DESCRIPTION OF THE TASK: Leave every picture out. Set down all the lines below exactly.

"""

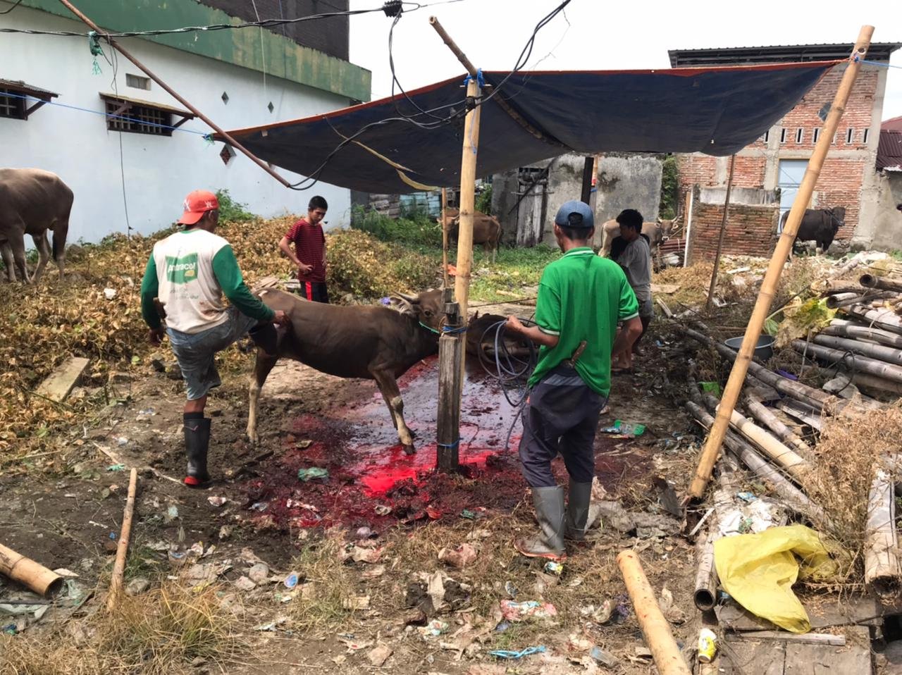 Pemotongan hewan kurban disaksikan langsung Ketua Pembangunan Masjid H Rukman Nawawi bersama masyarakat.
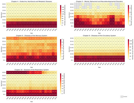 Notably, women exhibited higher mortality rates ( M R ¯ = 87.2 ) than men ( M R ¯ = 81.2 ) for Chapter 9. For the remaining chapters, men generally showed higher rates. A remarkable temporal shift was observed in Chapter 4: while women initially had higher mortality rates ( M R ¯ 2000 2008 = 52.9 ), male mortality ( M R ¯ 2009 2019 = 71.88 ) surpassed that of females after 2008 (Figure 3).
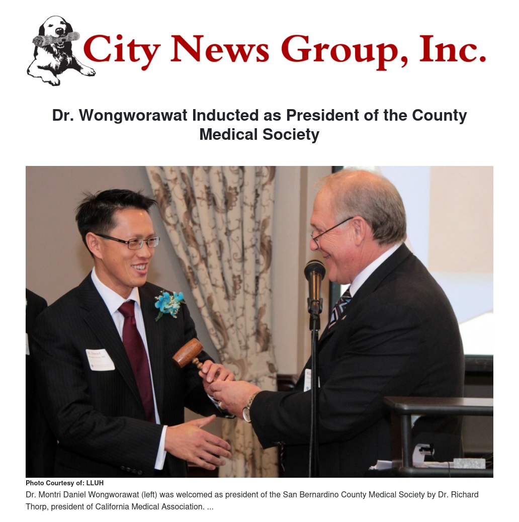 “I feel honored to be installed as president of San Bernardino County Medical Society and am humbled by the long line of presidents before me who have led the society since its founding,” said Wongworawat.
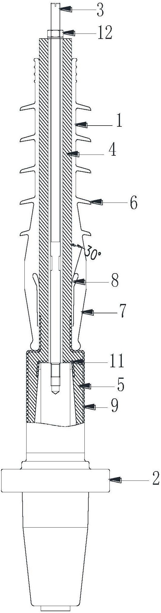 本实用新型涉及一种试验工装,尤其是涉及一种伞裙试验工装。包括工装本体,工装本体一端为设备出线套管,另一端与设备出线套管连接有用于放置螺杆的绝缘长套管,所述绝缘长套管外壁均匀设有用于实验时均匀电场的若干伞裙。因此,本实用新型具有如下优点:1.工装外部伞裙有效的延长放电距离,整个工装不需要制作的过长;2.工装内外屏蔽层和应力锥可以均匀电场结构,可进行局放试验(应力锥角度在25°‑35°之间时效果最好);3.装入螺杆后拧紧螺母,安装方便,便于携带。
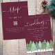 Winter Woodland Burgundy Wedding Invitation with Watercolor Fir Trees, Script Typography & QR Code RSVP
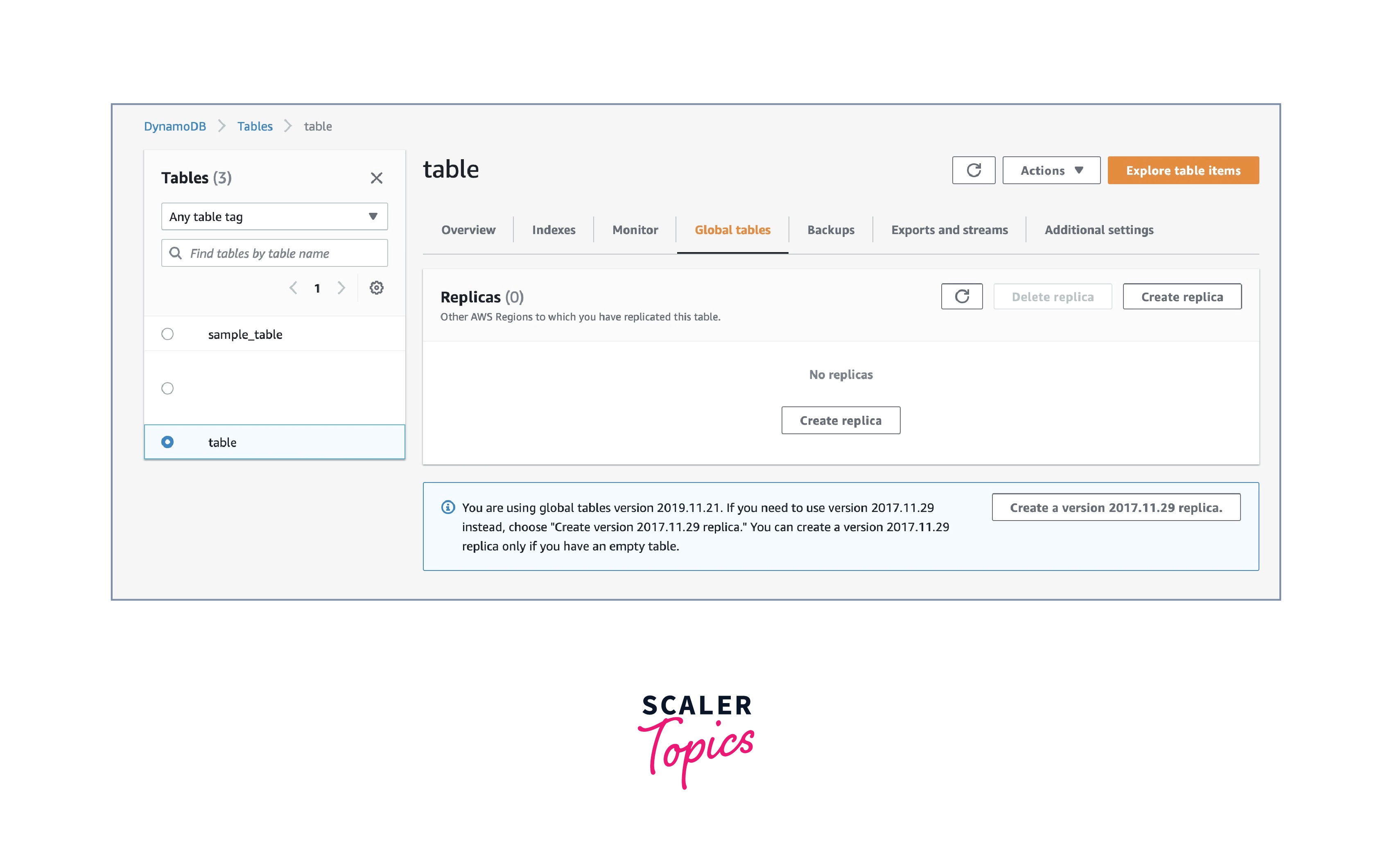- Move to the 'Global tables' option and choose 'Create replica.'

"""

THE ANSWER:
 Pemotongan hewan kurban disaksikan langsung Ketua Pembangunan Masjid H Rukman Nawawi bersama masyarakat.
 Notably, women exhibited higher mortality rates ( M R ¯ = 87.2 ) than men ( M R ¯ = 81.2 ) for Chapter 9. For the remaining chapters, men generally showed higher rates. A remarkable temporal shift was observed in Chapter 4: while women initially had higher mortality rates ( M R ¯ 2000 2008 = 52.9 ), male mortality ( M R ¯ 2009 2019 = 71.88 ) surpassed that of females after 2008 (Figure 3).
 “I feel honored to be installed as president of San Bernardino County Medical Society and am humbled by the long line of presidents before me who have led the society since its founding,” said Wongworawat.
 本实用新型涉及一种试验工装,尤其是涉及一种伞裙试验工装。包括工装本体,工装本体一端为设备出线套管,另一端与设备出线套管连接有用于放置螺杆的绝缘长套管,所述绝缘长套管外壁均匀设有用于实验时均匀电场的若干伞裙。因此,本实用新型具有如下优点:1.工装外部伞裙有效的延长放电距离,整个工装不需要制作的过长;2.工装内外屏蔽层和应力锥可以均匀电场结构,可进行局放试验(应力锥角度在25°‑35°之间时效果最好);3.装入螺杆后拧紧螺母,安装方便,便于携带。
 Winter Woodland Burgundy Wedding Invitation with Watercolor Fir Trees, Script Typography & QR Code RSVP
- Move to the 'Global tables' option and choose 'Create replica.'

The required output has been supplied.